From the records below, print only the part that opens with the line containing "Sebuah Inti Sel" and closes with the line containing "Wifi IdeaPad Pro"; omit the pictures.

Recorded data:
---+---
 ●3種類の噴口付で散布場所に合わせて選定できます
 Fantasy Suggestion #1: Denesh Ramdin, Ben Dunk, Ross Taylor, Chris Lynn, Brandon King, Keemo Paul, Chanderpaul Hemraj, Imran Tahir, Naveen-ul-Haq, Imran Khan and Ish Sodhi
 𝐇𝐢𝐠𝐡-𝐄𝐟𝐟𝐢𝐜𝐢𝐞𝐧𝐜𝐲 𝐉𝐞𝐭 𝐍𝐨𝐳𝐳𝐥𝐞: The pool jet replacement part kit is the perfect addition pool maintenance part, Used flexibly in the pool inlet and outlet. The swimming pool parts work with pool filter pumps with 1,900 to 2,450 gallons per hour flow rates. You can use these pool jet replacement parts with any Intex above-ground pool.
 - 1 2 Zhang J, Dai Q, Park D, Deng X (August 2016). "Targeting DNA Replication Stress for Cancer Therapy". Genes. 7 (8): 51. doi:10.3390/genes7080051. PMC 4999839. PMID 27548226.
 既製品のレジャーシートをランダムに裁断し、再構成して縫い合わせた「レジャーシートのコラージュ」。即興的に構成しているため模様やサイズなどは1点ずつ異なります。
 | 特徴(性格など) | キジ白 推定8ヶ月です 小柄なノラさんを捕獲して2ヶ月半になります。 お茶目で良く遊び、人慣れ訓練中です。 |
---+---
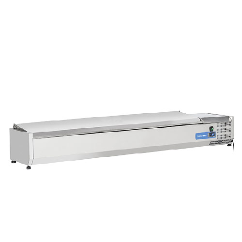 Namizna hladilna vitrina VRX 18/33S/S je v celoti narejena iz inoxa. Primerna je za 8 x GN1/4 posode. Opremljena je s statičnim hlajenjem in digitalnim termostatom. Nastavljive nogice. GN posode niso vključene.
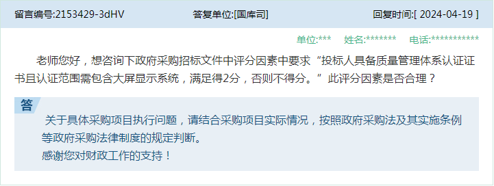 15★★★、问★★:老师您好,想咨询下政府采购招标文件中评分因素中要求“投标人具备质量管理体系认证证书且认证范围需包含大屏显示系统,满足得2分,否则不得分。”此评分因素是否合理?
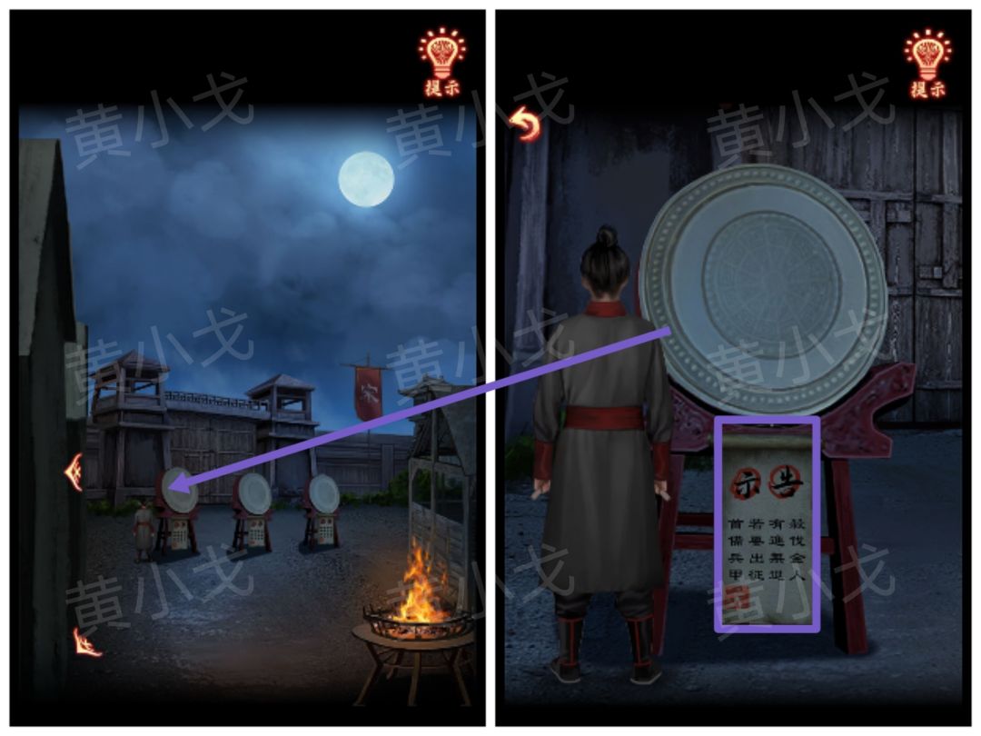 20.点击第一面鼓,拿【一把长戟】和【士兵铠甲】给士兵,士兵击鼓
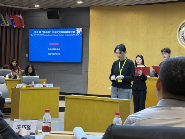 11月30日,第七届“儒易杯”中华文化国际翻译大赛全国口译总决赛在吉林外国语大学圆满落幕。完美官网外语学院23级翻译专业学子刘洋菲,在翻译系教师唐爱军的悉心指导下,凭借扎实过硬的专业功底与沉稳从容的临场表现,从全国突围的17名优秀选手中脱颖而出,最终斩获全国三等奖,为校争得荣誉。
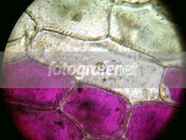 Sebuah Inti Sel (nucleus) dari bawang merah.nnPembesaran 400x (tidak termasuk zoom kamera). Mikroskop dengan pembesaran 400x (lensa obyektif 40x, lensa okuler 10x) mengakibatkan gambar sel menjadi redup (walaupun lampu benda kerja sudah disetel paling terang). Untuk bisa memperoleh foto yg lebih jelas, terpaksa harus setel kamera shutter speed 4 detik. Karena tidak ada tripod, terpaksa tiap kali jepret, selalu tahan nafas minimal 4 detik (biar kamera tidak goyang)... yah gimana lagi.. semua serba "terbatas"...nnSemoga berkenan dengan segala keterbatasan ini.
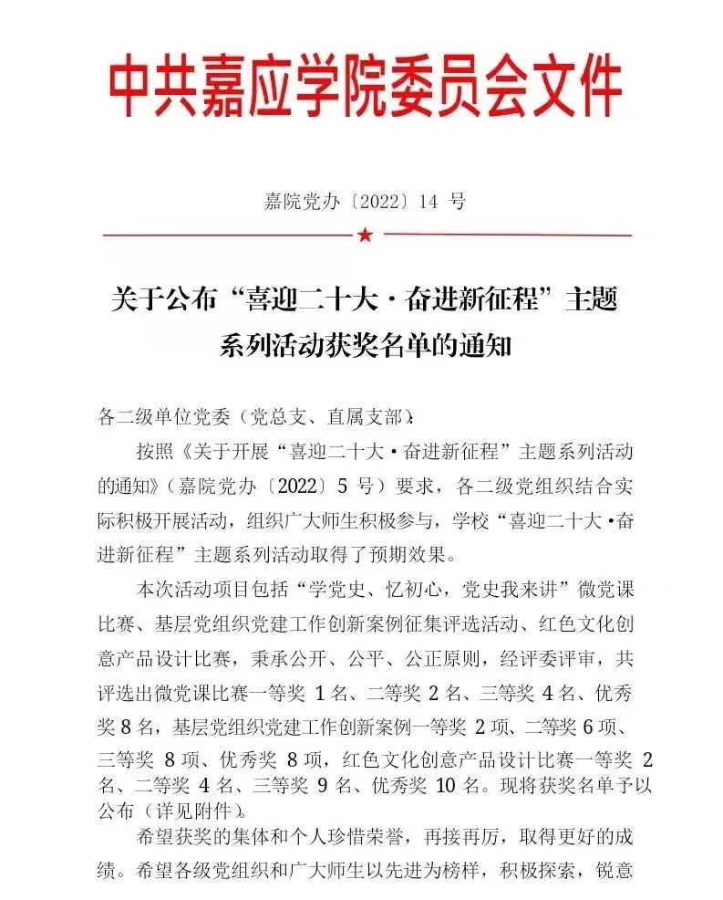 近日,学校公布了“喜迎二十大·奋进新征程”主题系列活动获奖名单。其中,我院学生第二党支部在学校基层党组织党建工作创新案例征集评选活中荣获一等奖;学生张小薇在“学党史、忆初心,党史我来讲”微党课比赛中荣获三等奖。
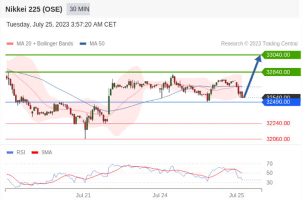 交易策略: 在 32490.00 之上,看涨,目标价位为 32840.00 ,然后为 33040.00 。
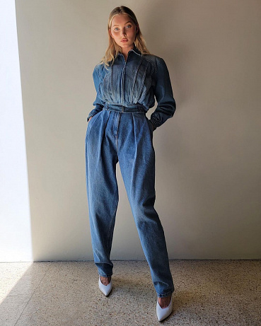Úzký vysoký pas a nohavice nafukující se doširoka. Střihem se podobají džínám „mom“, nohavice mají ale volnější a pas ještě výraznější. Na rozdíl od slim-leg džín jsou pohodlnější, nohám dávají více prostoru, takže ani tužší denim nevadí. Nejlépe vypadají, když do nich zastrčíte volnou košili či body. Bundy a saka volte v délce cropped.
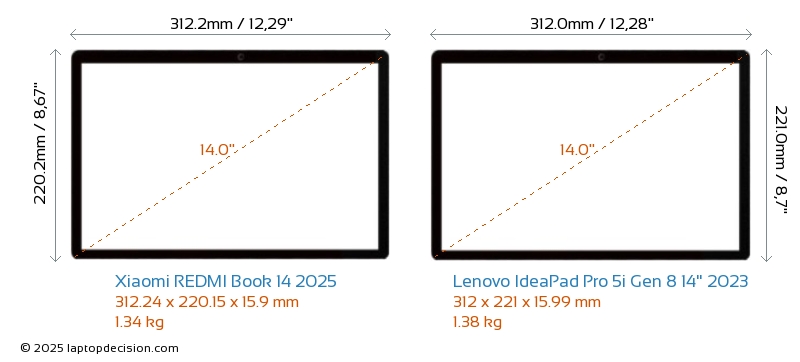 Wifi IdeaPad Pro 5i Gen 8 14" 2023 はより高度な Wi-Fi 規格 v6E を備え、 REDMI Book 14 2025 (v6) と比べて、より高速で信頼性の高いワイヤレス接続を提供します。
---+---
# YOUR SOLUTION
 Sebuah Inti Sel (nucleus) dari bawang merah.nnPembesaran 400x (tidak termasuk zoom kamera). Mikroskop dengan pembesaran 400x (lensa obyektif 40x, lensa okuler 10x) mengakibatkan gambar sel menjadi redup (walaupun lampu benda kerja sudah disetel paling terang). Untuk bisa memperoleh foto yg lebih jelas, terpaksa harus setel kamera shutter speed 4 detik. Karena tidak ada tripod, terpaksa tiap kali jepret, selalu tahan nafas minimal 4 detik (biar kamera tidak goyang)... yah gimana lagi.. semua serba "terbatas"...nnSemoga berkenan dengan segala keterbatasan ini.
 近日,学校公布了“喜迎二十大·奋进新征程”主题系列活动获奖名单。其中,我院学生第二党支部在学校基层党组织党建工作创新案例征集评选活中荣获一等奖;学生张小薇在“学党史、忆初心,党史我来讲”微党课比赛中荣获三等奖。
 交易策略: 在 32490.00 之上,看涨,目标价位为 32840.00 ,然后为 33040.00 。
Úzký vysoký pas a nohavice nafukující se doširoka. Střihem se podobají džínám „mom“, nohavice mají ale volnější a pas ještě výraznější. Na rozdíl od slim-leg džín jsou pohodlnější, nohám dávají více prostoru, takže ani tužší denim nevadí. Nejlépe vypadají, když do nich zastrčíte volnou košili či body. Bundy a saka volte v délce cropped.
 Wifi IdeaPad Pro 5i Gen 8 14" 2023 はより高度な Wi-Fi 規格 v6E を備え、 REDMI Book 14 2025 (v6) と比べて、より高速で信頼性の高いワイヤレス接続を提供します。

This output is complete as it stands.